The March 11, 2005 findings of fact, conclusions of law, and order was not, by itself, an appealable final order under HRS § 571-54 (1993). . . . Mother-Appellant did not file a motion for reconsideration within twenty days after entry of the March 11, 2005, findings of fact, conclusions of law, and order, as HRS § 571-54 (1993) required. Therefore, Mother-Appellant failed to perfect her right to assert an appeal under HRS § 571-54 (1993), and there is no appealable order. Absent an appealable order, we lack jurisdiction over this case. Accordingly,

IT IS HEREBY ORDERED that this appeal is dismissed for lack of appellate jurisdiction.

In addition to awarding permanent custody of RGB to Petitioner-Appellee Department of Human Services (DHS) and limiting or restricting Mother's further participation in the case to any motions for relief from the Termination Order (or any motions necessary to an appeal), the March 11, 2005 Termination Order discharged Mother's stand-by counsel and ordered:

Based on representations as to changes in her resource status, if Mother wishes the assistance of court-appointed counsel to pursue further relief or to perfect an appeal, she must tender a new application for court-appointed counsel to the Court immediately.

Mother did not apply for court-appointed counsel until March 29, 2005. The Family Court appointed counsel the same day.
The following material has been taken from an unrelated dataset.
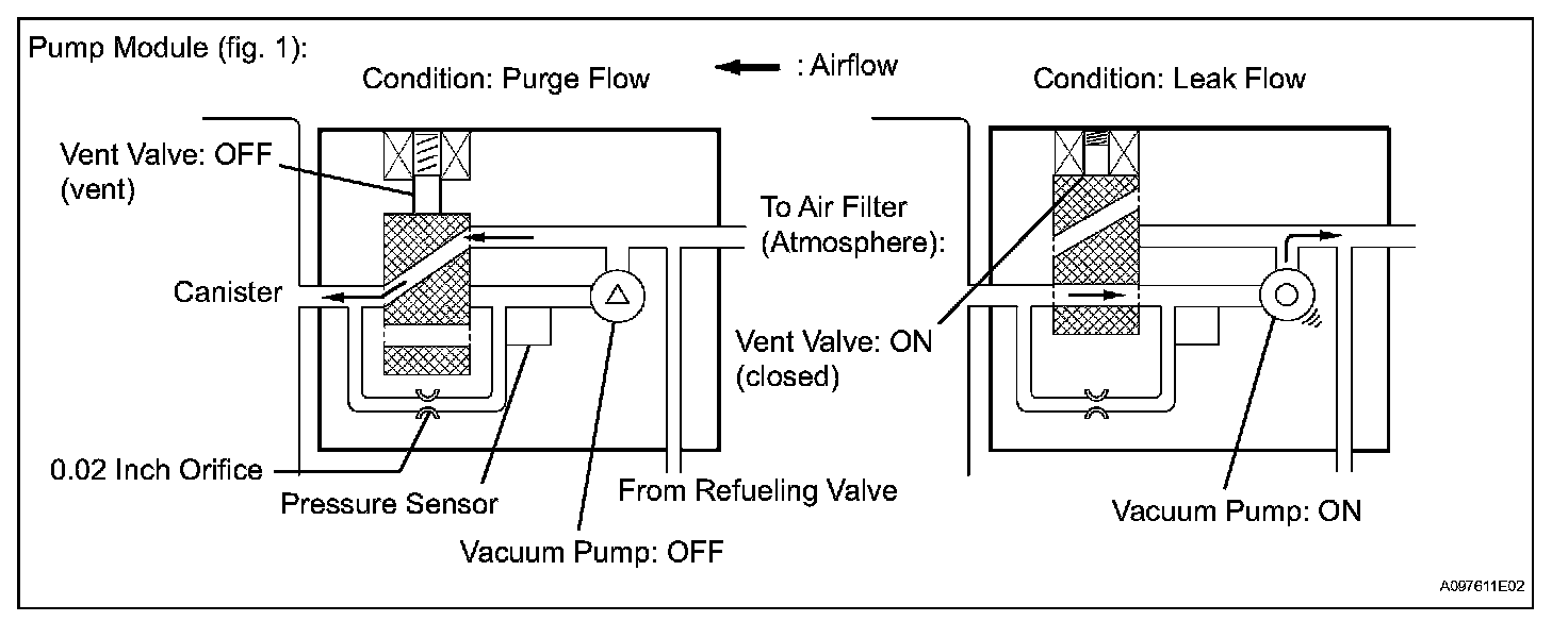 The purge flow volume is also determined by the intake manifold pressure. Atmospheric pressure is allowed into the canister through the vent valve to ensure that the purge flow is maintained when the negative pressure (vacuum) is applied to the canister.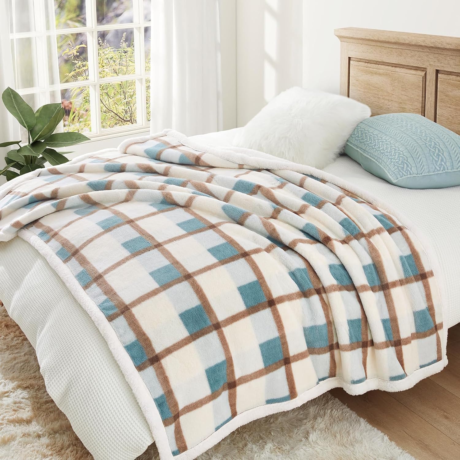- 【Thick Warm & Enhanced Durability】: PU MEI cozy Faux Rabbit Fur blanket maintains the ideal balance between weight and warmth. This cute plush Plaid blanket features a neat stitching construction for a stronger connection at the seams, the stitches are smooth and not easy to broken, not easy to shrink, harden or shed after washing.

Newly-appointed counsel, Carrie M. Yonemori, Esq. (Yonemori) failed to file a motion for reconsideration within twenty days from the Termination Order, as required to perfect an appeal.

As noted above, this appeal seeks relief from the Order Denying Relief, which was filed nearly two years after the Termination Order. (2) With respect to that order, it appears that Mother raises the following two points of error:

    1.     Mother was denied her due process rights to competent counsel; and

    2.     The Family Court erred when it refused to allow Mother to review certain "confidential" records and files in this case.

Upon careful review of the record and the briefs submitted by the parties and having given due consideration to the arguments advanced and the issues raised by the parties, we resolve the Mother's points of error as follows:

Notwithstanding DHS's argument that Mother's February 6, 2007 Motion for Relief was untimely and subject to dismissal, we will consider the substance of Mother's arguments on this appeal.

    (1)     In Mother's Opening Brief, Mother appears to argue that she received ineffective assistance of counsel both before and after the entry of the Termination Order. With respect to the pre-termination period, Mother argues that at pivotal moments in the case, she had no competent counsel to protect her rights. Mother fails to identify with specificity, however, at which points in the case that she was unconstitutionally deprived of access to competent counsel. It appears from the record that Mother was represented by appointed counsel or standby consulting counsel at all hearings leading up to the Termination Order. (3) See In re D.W., 113 Hawai‘i 499, 155 P.3d 682 (App. 2007) (holding that, although consulting attorneys had limited powers and duties, their use was not a denial of due process). More importantly, although we understand Mother's over-arching argument is that she lost her child primarily because she was poor, became homeless, and the State did not thereafter provide her with adequate facilities and services to help her provide a safe family home (4) - and competent counsel would have helped her improve her situation - Mother does not identify any specific error or omission of counsel during the events and proceedings which culminated in the Termination Order.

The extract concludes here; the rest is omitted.